The Terzaghi correction, and its modified versions, can also be used to correct for intensity of parallel joint sets. In principle, wellbores miss parallel joints and show greater spacing than is true for oblique joints thus affecting estimates of certain fracture trends. Wellbores, such as wellbore C (702), only give the correct spacing for those joint systems perpendicular to well path. The spacing of a joint set is corrected based on the angle (φ) between the mean pole of the joints of the set and the wellbore azimuth, Ss=Sj cos φ. Many additional techniques to measure and correct for joint property bias due to the orientation of the wellbore (e.g., wellbore C (702)) are known in the art and may be applied without departing from the scope of this disclosure.

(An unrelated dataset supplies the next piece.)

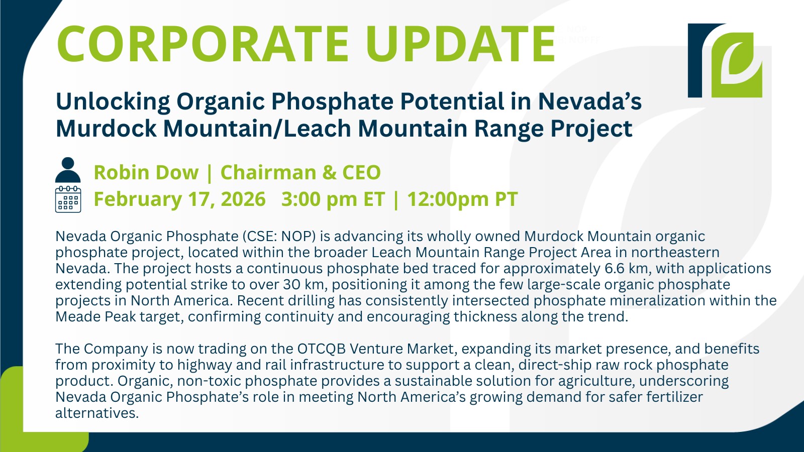 Toronto, Ontario--(Newsfile Corp. - February 10, 2026) - Nevada Organic Phosphate (CSE: NOP) (OTCQB: NOPFF) is pleased to announce that the company is presenting a live virtual corporate update hosted by Existing Agency Inc. on February 17 at 3pm ET.
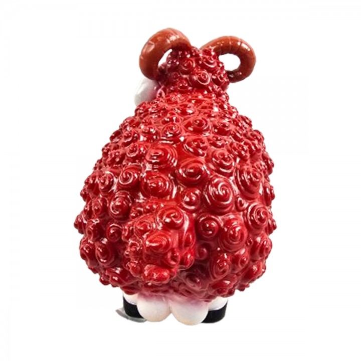 Pelage bordeaux spiralé couvre corps créant texture relief prononcé. Tête blanche contraste avec corps bordeaux créant harmonie noble. Cornes spiralées rayées ajoutent caractère bélier majestueux puissant.

For example, a basic statistical test such as the Komolgorov-Smirnov test may be conducted to compare the measured orientation of joints from subsurface measurements with those of known orientation to determine the amount of bias present in the subsurface measurements. Applying corrections to the joint spacing and orientations, according to one or more methods described above, may influence the resulting probability models of joint network properties associated with the set of subsurface geostatistical properties (711), in accordance with one or more embodiments.

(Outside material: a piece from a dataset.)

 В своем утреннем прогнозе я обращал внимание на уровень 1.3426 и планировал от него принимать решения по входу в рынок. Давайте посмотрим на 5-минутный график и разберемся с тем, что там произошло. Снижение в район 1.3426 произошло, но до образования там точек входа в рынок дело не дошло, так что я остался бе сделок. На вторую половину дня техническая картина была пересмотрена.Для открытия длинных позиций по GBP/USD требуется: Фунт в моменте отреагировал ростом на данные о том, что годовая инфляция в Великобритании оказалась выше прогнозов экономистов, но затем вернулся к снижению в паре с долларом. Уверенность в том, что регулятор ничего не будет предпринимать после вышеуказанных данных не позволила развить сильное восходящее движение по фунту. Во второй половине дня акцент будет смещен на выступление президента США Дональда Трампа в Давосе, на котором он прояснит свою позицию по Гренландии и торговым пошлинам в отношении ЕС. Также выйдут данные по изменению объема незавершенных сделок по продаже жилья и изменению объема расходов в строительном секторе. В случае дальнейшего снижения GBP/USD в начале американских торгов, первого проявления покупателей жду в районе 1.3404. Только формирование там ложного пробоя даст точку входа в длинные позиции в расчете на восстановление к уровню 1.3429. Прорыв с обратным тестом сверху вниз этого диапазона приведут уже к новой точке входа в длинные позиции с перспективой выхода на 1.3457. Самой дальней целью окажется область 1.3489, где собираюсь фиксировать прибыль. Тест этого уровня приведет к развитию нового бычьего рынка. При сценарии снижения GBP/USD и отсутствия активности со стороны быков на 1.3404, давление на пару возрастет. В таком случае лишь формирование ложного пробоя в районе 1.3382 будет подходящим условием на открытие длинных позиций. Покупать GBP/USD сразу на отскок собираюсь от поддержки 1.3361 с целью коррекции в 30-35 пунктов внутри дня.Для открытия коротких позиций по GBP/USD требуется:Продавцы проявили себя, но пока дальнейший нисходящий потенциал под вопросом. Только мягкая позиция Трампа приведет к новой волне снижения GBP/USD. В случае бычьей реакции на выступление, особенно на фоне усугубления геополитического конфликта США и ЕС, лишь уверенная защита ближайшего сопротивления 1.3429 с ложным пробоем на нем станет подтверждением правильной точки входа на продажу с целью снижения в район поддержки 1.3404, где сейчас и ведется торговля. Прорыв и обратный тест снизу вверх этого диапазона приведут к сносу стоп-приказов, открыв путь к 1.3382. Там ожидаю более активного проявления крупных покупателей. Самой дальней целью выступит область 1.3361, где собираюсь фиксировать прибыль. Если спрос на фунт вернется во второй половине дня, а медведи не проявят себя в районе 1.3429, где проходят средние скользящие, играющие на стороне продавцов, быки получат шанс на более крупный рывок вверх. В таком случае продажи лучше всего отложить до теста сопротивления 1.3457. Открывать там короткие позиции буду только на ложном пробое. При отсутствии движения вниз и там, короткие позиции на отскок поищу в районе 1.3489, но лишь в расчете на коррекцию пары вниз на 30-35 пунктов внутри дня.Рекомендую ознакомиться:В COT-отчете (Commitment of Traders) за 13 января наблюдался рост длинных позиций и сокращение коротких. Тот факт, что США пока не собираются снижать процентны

The database of subsurface joint properties (726), including the set of subsurface geostatistical properties (711) may be used to select and determine target subsurface layer parameters (731) that define the extent and measured joint properties in a particular subsurface layer. For example, the target subsurface layer parameters (731) may include the target subsurface boundaries (736) that define its three-dimensional shape. Further, the target subsurface boundaries (736) may include the target subsurface layer thickness, orientation, and extent, or only one of these parameters individually. In one or more embodiments, only two-dimensional information of the target subsurface layer boundaries (736) may be considered. The target subsurface layer parameters (731) may also include the subset of target subsurface geostatistical properties (741), where the subset of target subsurface geostatistical properties (741) are a subset of the set of subsurface geostatistical properties (711) specific to the target subsurface layer.

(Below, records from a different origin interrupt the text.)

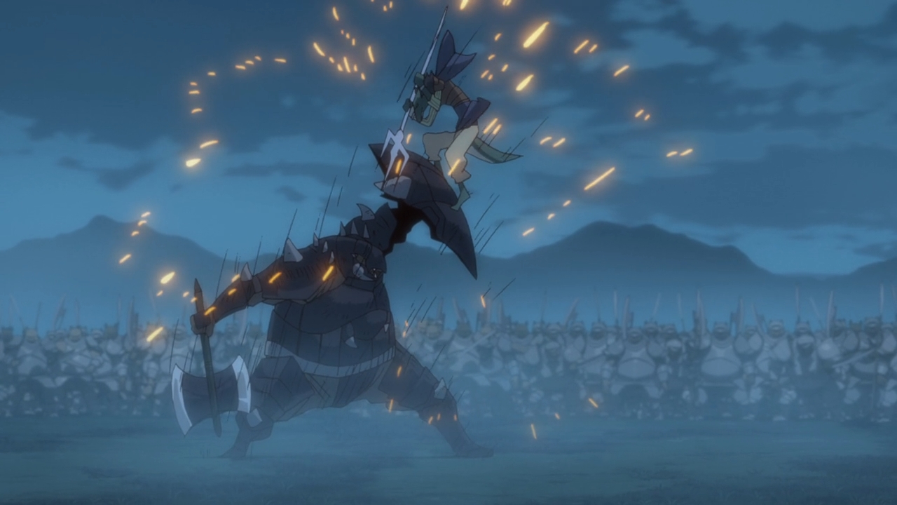— Anyways, we’re back to Gabiru, and predictably enough, he’s unable to get through the orc general’s defenses. One guy is clad from head to toe in heavy armor. He even carries a giant shield. The other guy only has a flimsy spear. I wonder if Gobta can beat this orc, though. Maybe…
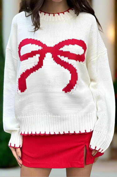Suéter de manga larga con cuello redondo y estampado de lazo
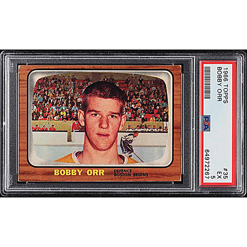 One of the most popular and important rookie cards in hockey. Bobby Orr is considered among the greatest players of all time, and his 1966 Topps rookie is one of the cornerstones of the hockey hobby.
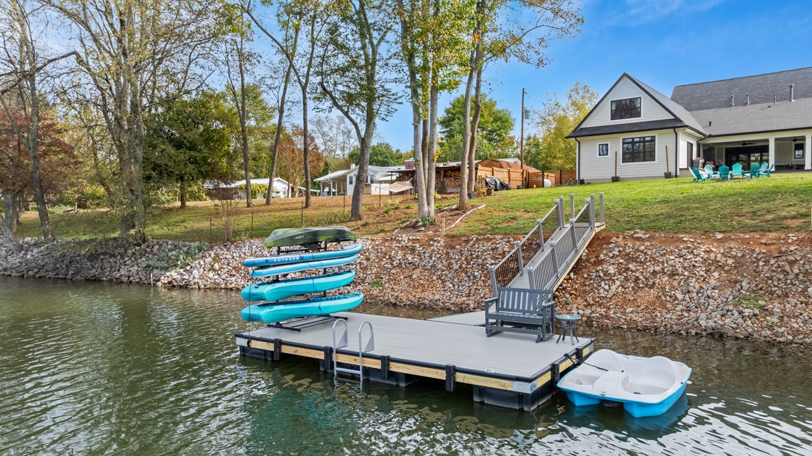 Vai sapņojat par ideālo māju pie ezera, kur pavadīt laiku kopā ar draugiem un ģimeni? Neskatieties tālāk! Šī ir ideāla vieta, kur apmesties, atrodas tikai 25 min attālumā no Noksvilas un 18 min attālumā no Mērvilas, vienā no Austrum TN labākajiem ezeriem; Fort Loudoun un tikai dažu minūšu attālumā no Whispering Cove Marina & Marblegate Farm kāzu/pasākumu norises vietas. Atrodoties desmitiem ēnainu koku, ar vairāk nekā 137 pēdām pie ezera, privātu piestātni un liela izmēra terasi, jums noteikti patiks pavadīt papildu laiku ārā mūsu mīļajās mājās.
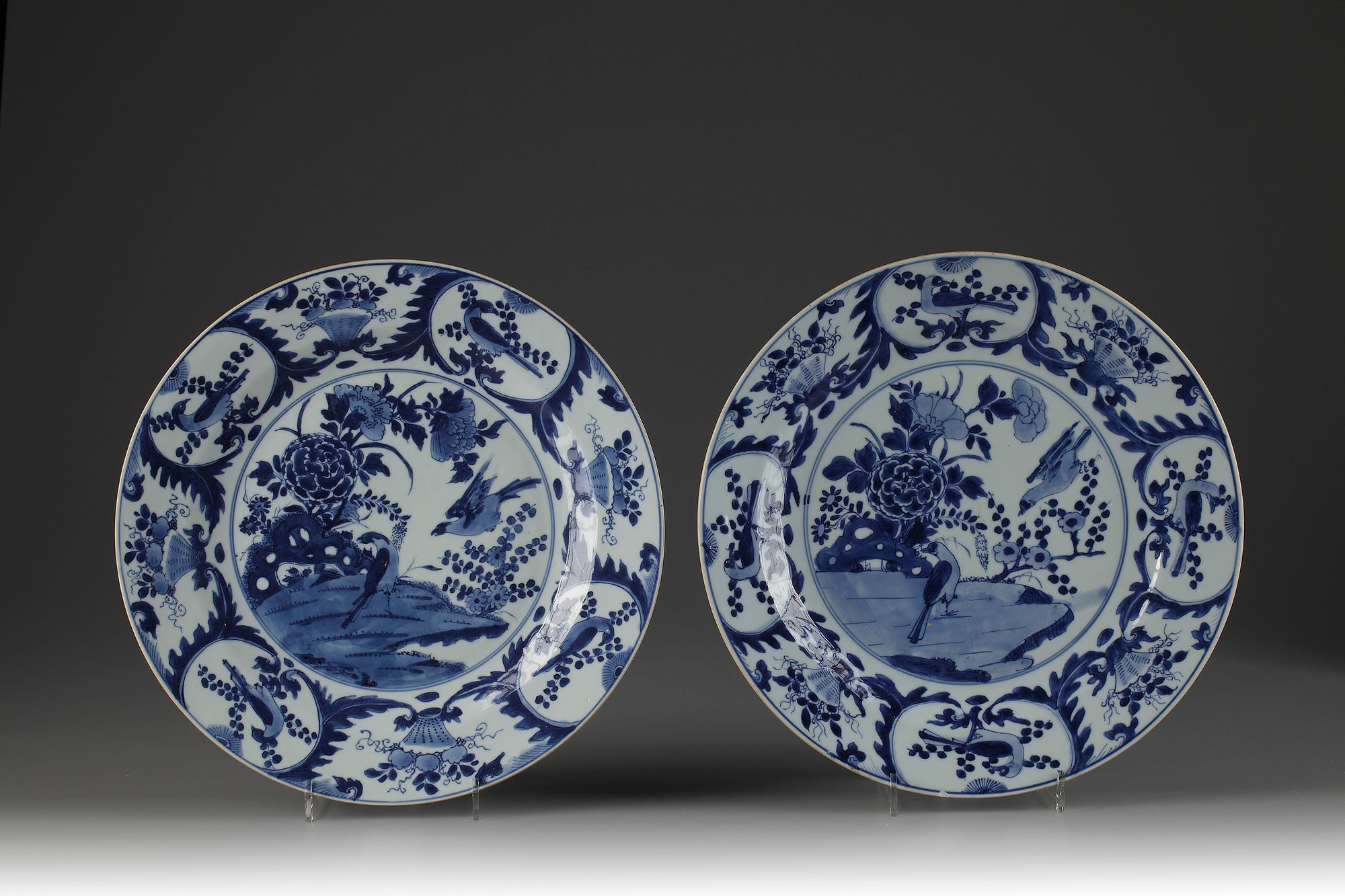 Centrally decorated with birds amidst a rocky garden scene, encircled around the rim with four cartouches enclosing birds separated by baskets of flowers.
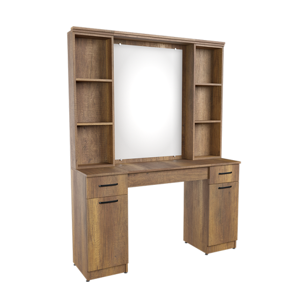 4 mm float mirror (safety film feature against dispersion)Apron pivot with brakeDrawer slide with brakeMetal handleAdjustable floor attachment
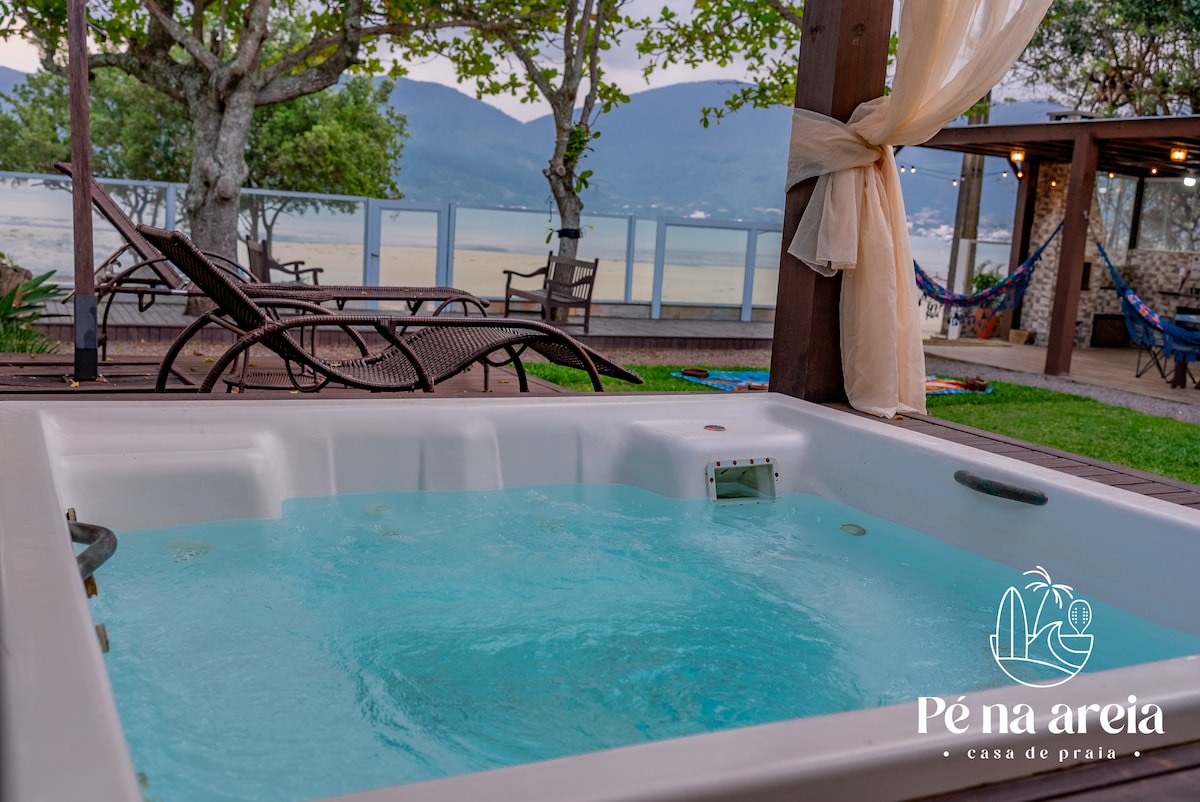 Casa Frente Mar, na Praia da Fazenda da Armação, Governador Celso Ramos, Rua Principal do Bairro, com acesso da Casa Privativo à praia, Próx a Panificadora, Mercado. Residência Familiar, organizada e ótima estrutura, Banheira de Hidromassagem na Suíte Master, além de 2 outras suítes super equipadas. Todos os quartos possuem Ar Condicionado, TV à cabo para melhor conforto. TV à cabo, na sala, SALA DE JOGOS FRENTE MAR, cozinha ampla e equipada, churrasqueira vista mar.
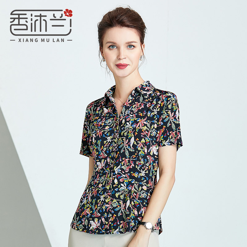 商场同款 女针织碎花简约显瘦大码 夏季 衬衫 胖mm衬衣 短袖 香沐兰
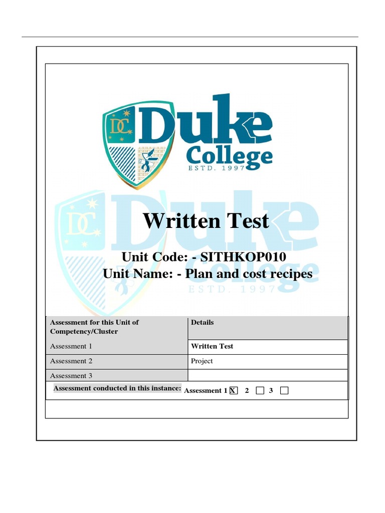 Written Test: Unit Code: - SITHKOP010 Unit Name: - Plan and Cost ...

The target subsurface layer parameters (731) may be used as an input to the synthetic joint network predictor (325) in order to determine a predicted joint network in the target subsurface layer (746). Recall that the synthetic joint network predictor (325) may be generated from the second machine learning network (315) as depicted in FIG. 3 and described in the accompanying description. The synthetic joint network predictor (325) is trained predict a subsurface joint network according to a geostatistical description. Thus, the synthetic joint network predictor (325) may be used to determine a predicted joint network in the target subsurface layer (746) with the properties specified by, at least, the subset of target subsurface geostatistical properties (741). In accordance with one or more embodiments, the target subsurface boundaries (736) are also used alongside the subset of target subsurface geostatistical properties (741) to specify an input to the synthetic joint network predictor. The target subsurface boundaries (736) may influence the shape and orientation of the predicted joint network in the target subsurface layer (746) and more specifically, the shape and orientation of the produced image. In other words, the predicted joint network may be scaled and rotated according to the specifications of the target subsurface boundaries. Recall that the second machine learning network (315) that is used, at least in part, to generate the synthetic joint network predictor (325), is trained to produce synthetic joint networks that share the properties of real joint networks in nature. As such, the predicted joint network in the target subsurface layer (746) will be a synthetic joint network that resembles real joint networks in nature that exhibit the subset of target subsurface geostatistical properties (741). Consequently, the relative joint lengths, branching structure, number of joint sets, and joint orientations will be physically realistic and therefore reliable for wellbore planning, well placement, well completion, and usage in reservoir flow simulations.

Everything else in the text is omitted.